Then she spun on her heel and left him on the floor, making her way back to the kitchen. She put away the gun and put on the kettle to make some tea. He followed not long after, walking funny as he entered the room and pulled out a kitchen chair, sitting gingerly.
She didn’t want to feel sympathy toward him. She didn’t want to, but damned if there wasn’t a trickle of guilt running up her spine. Emma opened the freezer and grabbed an ice pack. “Here.”
He caught her rather wild toss easily, looking down in confusion for the briefest second before his expression stiffened. “Way to rub it in. While I’m glad to know you can defend yourself, I can’t believe you got the drop on me like that. Taekwondo?”
“Jazzercise.”
Emma deliberately turned her back, partly so he could place the ice pack in a strategic location without being watched, and partly to hide her amusement. She wasn’t about to discuss her martial arts training with him. Damn it, she needed to put up some walls. She didn’t want compliments. Especially not from this man.
And she didn’t want to hear his explanation, either. At this point, any excuses he could offer would be more about easing his conscience then ridding her of any past pain.
Yet…if listening to whatever bullshit reason he had for his actions meant they could finally end this forever, maybe she should hear him out. They could get it over with, then she would escort him to the door, close it firmly behind his very fine ass, and never see him again.
They could both get on with their lives.
“Tea?” she asked grudgingly.
“No, thanks.”
She went on stirring her own cup, placing the spoon to the side and making her way to the living room. If she had to listen to this, she may as well be comfortable.
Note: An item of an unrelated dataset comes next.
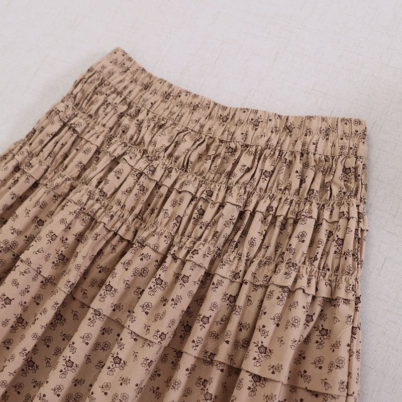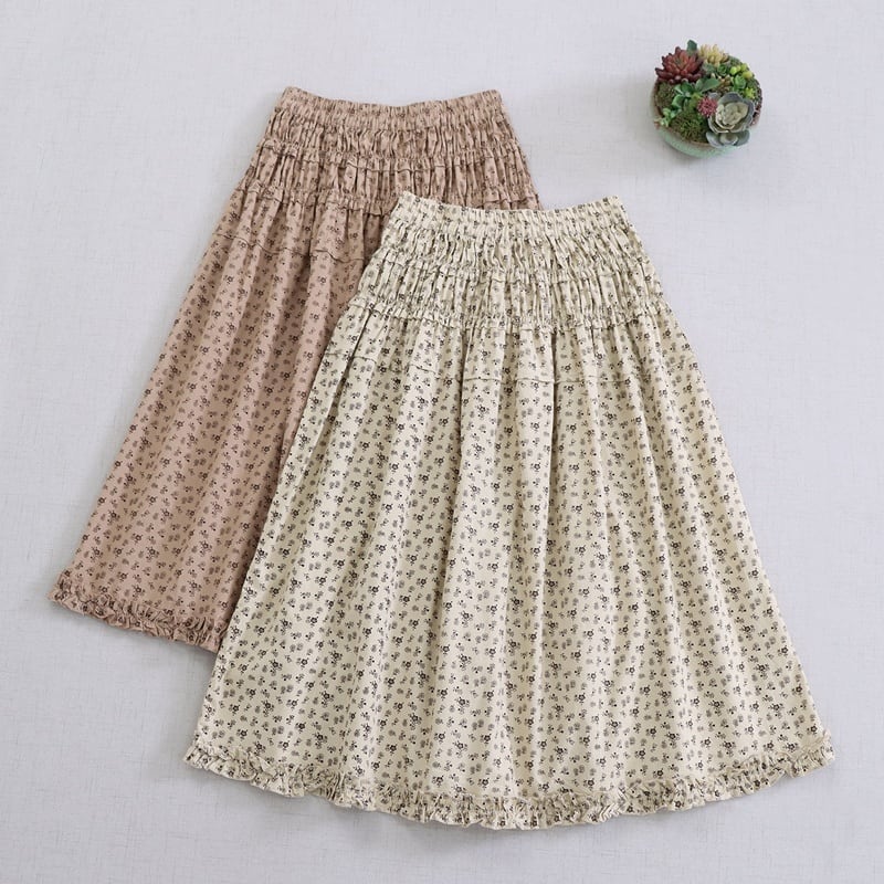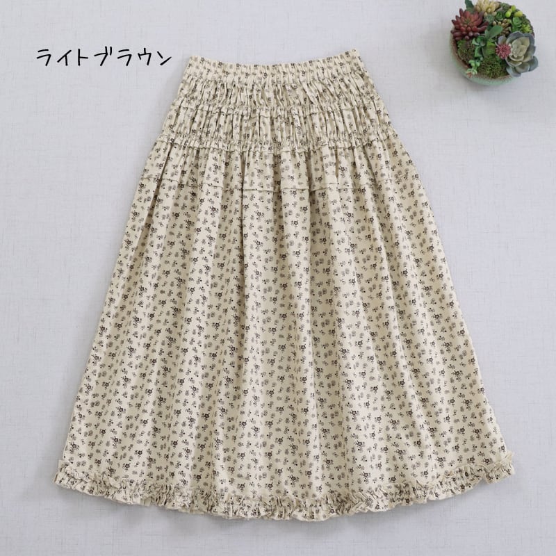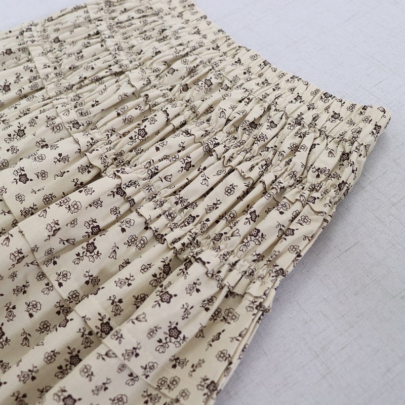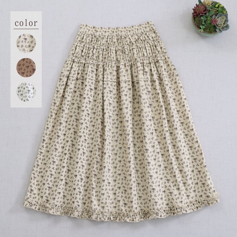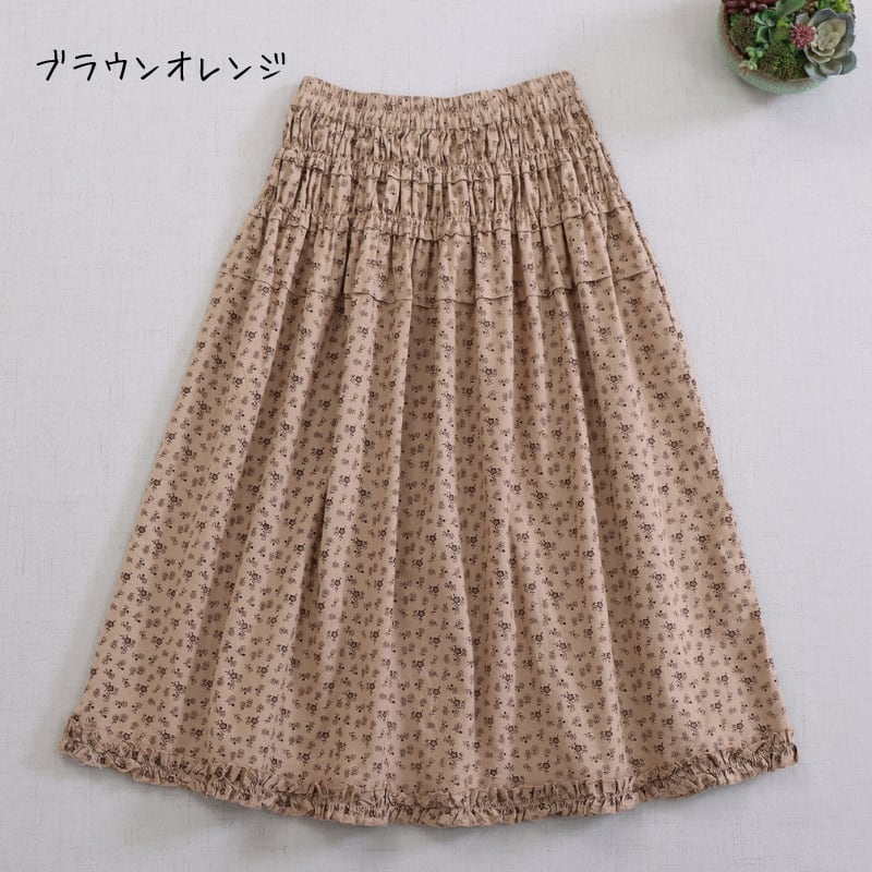 花柄プリント裾フリルスカート W1685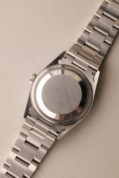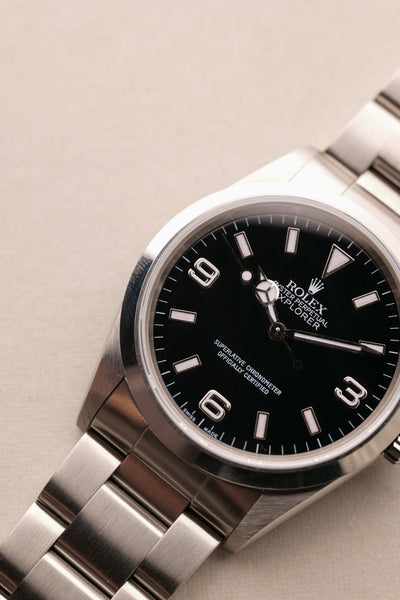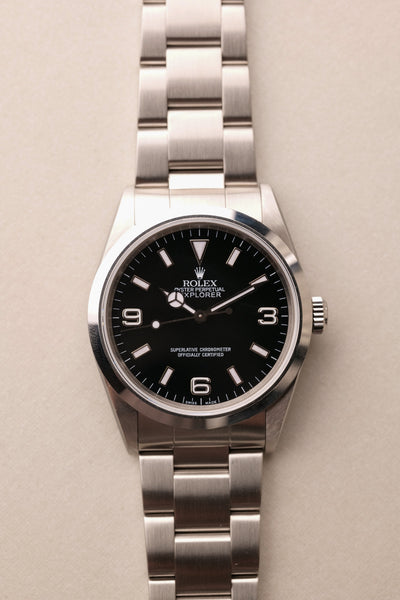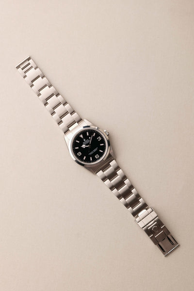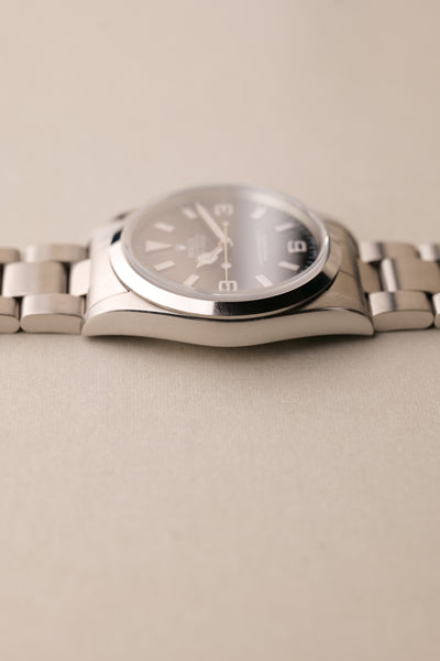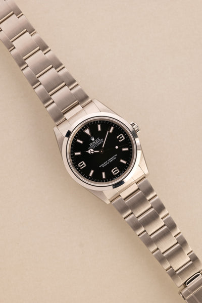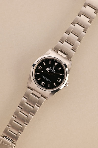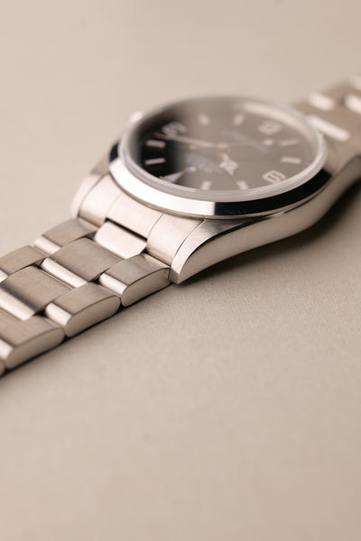 Description: A very clean Rolex 14270 Explorer. This watch originated in Japan and comes to us in excellent shape. The case is thick and sharp all around and is consistent with a lot of Rolex’s that originate in Japan. The case is 36mm and is the perfect sports Rolex that hides neatly under a dress shirt or with t-shirt and jeans

He stared after her, twisting slightly where he sat until he faced her. Although she’d slipped into a pair of leggings before he’d broken in, she’d left her oversized shirt on, and the neckline was so wide it kept falling over one shoulder. Dean’s gaze lingered on her bare skin for a moment before rising to meet her eyes.
“You’re not going to make this easy, are you?”
He spoke quietly, and her back stiffened. “I don’t know. What do you consider easy? Answering questions and dealing with snide comments for six months about why your boyfriend vanished? Canceling out of an apartment and losing the damage deposit because the person you were supposed to move in with is no longer in the picture? Are those things easy when you’re eighteen and in love and abandoned?”
Dean’s lips were a tight line, but it wasn’t anger on his face—it was shame. “I’m sorry. I really, truly am, Em. And for what it’s worth, it was a mistake not talking to you before I left. I’ve lived with that regret all these years.”
She thought about the women Suz described as floating in and out of Dean’s life like sexual confetti, and wondered at his definition of regret. “It was a long time ago, and it doesn’t change anything in the here and now. You left, period. I had to deal with it, and I did.”
“It was still wrong of me, and I know it’s no excuse except I was nineteen and at the moment I didn’t see any other solution.”
Emma stared down at her hands, surprised to find that they were steady. That even though she was cold inside, she really didn’t feel any anger right now. Just a dull ache inside and an enormous sense of sadness at what could have been.
“Dean, we had everything planned. We were moving in together. We were going to build a life together.” A soft laugh escaped, and if the sound was slightly bitter, she couldn’t help it. She lifted her head to look him in the eye. “I turned down a scholarship to Milan because we were going to take on the world. And instead, I found out from someone at the grocery store that you were gone. That you had boarded a bus headed to San Antonio. And then you never came back…”
The sadness in his eyes was real. “I couldn’t stay.”
“And you couldn’t call? Couldn’t write?” she demanded. “You couldn’t do any of those things that would have let me know it was nothing I had done to chase you away? The closest I got to finding out what happened to you was one of your brothers going out of his way to get in digs about how even you couldn’t stand to be with someone like me. That you’d rather get shot than end up stuck with a scrawny bitch—”
“I nearly killed him.” Dean’s tone was ice cold as he interrupted. “I went from…a bad meeting…to home, and my dad laid into me. Going on about how I was useless and a fuck-up, and how he’d teach me to show some respect, and instead of standing there and taking it, I swung back.”